Kochen wie früher – einfach, ehrlich, bodenständig
Die Gerichte eint ihre Schlichtheit. Vieles wird in heißem Fett goldgelb gebacken, oft in echtem Butterschmalz – aus gutem Grund: „Weil das den besten Geschmack hat“, wie Stangl sagt, der sich in der kurzen Entstehungszeit des Buches zwischen Dezember und Februar auf Schmalzgebäck spezialisiert hat. Ob „Bachene Scheam“, die messerdick ausgerollt ins Fett wandern und kurz vor Verzehr, zum Beispiel bei einer Signierstunde, noch mit Puderzucker bestäubt werden, oder andere Schmalzgebäcke: Die Küche der „Bauersleut’“ war pragmatisch, nahrhaft und ohne Schnörkel.

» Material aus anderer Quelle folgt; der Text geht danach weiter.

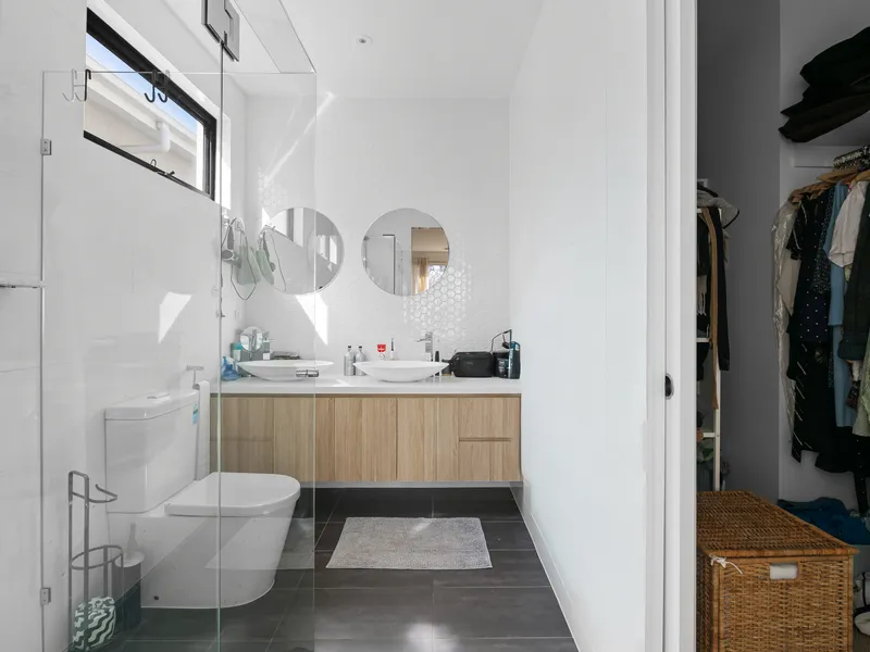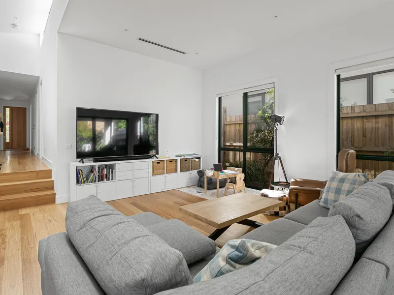 Only a few years old, the home showcases stunning timber floors, soaring high ceilings, and quality fittings and fixtures throughout. Designed with both style and functionality in mind, the spacious open-plan living and dining area flows seamlessly, creating a light-filled and welcoming space ideal for both everyday living and entertaining.
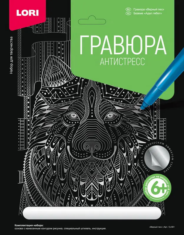 Гравюра Антистресс большая с эффектом серебра "Верный пес"

Auch der Umgang mit Lebensmitteln erzählt von einer anderen Zeit. Nichts wurde verschwendet: Aus alten Semmeln wurden Brösel, aus Brezen entstanden Breznsuppen oder Knödel. Diese Haltung ist kein Trend, sondern gelebte Notwendigkeit vergangener Generationen – geprägt von Menschen wie der Tante Maria von Martin Stanngl: Jahrgang 1907, mit zwei Weltkriegen in den Knochen, die „nicht mal einen Brotkrumen weggeworfen hätte“. Sie hatte in ihrem Garten alles von der Erdbeere bis zur Kartoffel – „ich werde die „seißn Himbeeren“, die sie für mich an meinem Namenstag immer gemacht hat, nie vergessen. Und dazu gab es Schlagsahne.“
Zwischen Brauchtum und Rezept
Das Besondere am Buch ist diese Verbindung von Kulinarik und Kultur. Neben den Rezepten finden sich immer wieder Geschichten. Zum Beispiel vom Heischebrauch in Nabburg, bei dem junge Männer vermummt um die Häuser zogen, und um auch nicht an der Stimme erkannt zu werden, eine Schrift vors Fenster hielten:
„Mia ham g’hört, ihr habts g’schlacht
und recht große Würsccht auch gmacht.
Wir bitten den Herrn und bitten die Frau:
Gebts uns was von euerer Sau!“
Diese Erinnerungen machen deutlich: Essen war nie nur Nahrungsaufnahme, sondern Teil des sozialen Lebens, eng verwoben mit Brauchtum und Jahreskreis. Genau darin liegt der Mehrwert des Buches – es dokumentiert nicht nur, wie gekocht wurde, sondern warum.
Gemeinschaftsarbeit über Generationen hinweg
Die Zusammenarbeit zwischen Stangl und Eichenseer ist selbst Ausdruck dieser Weitergabe von Wissen. Zwei Generationen bündeln hier ihre Erfahrungen: die eine mit tiefem Wissen über Brauchtum und Erzähltradition, der andere mit praktischem Zugang zur Küche und fotografischer Umsetzung, beide vereint durch die Liebe zum Brauchtum und zum gut gemachten Buch.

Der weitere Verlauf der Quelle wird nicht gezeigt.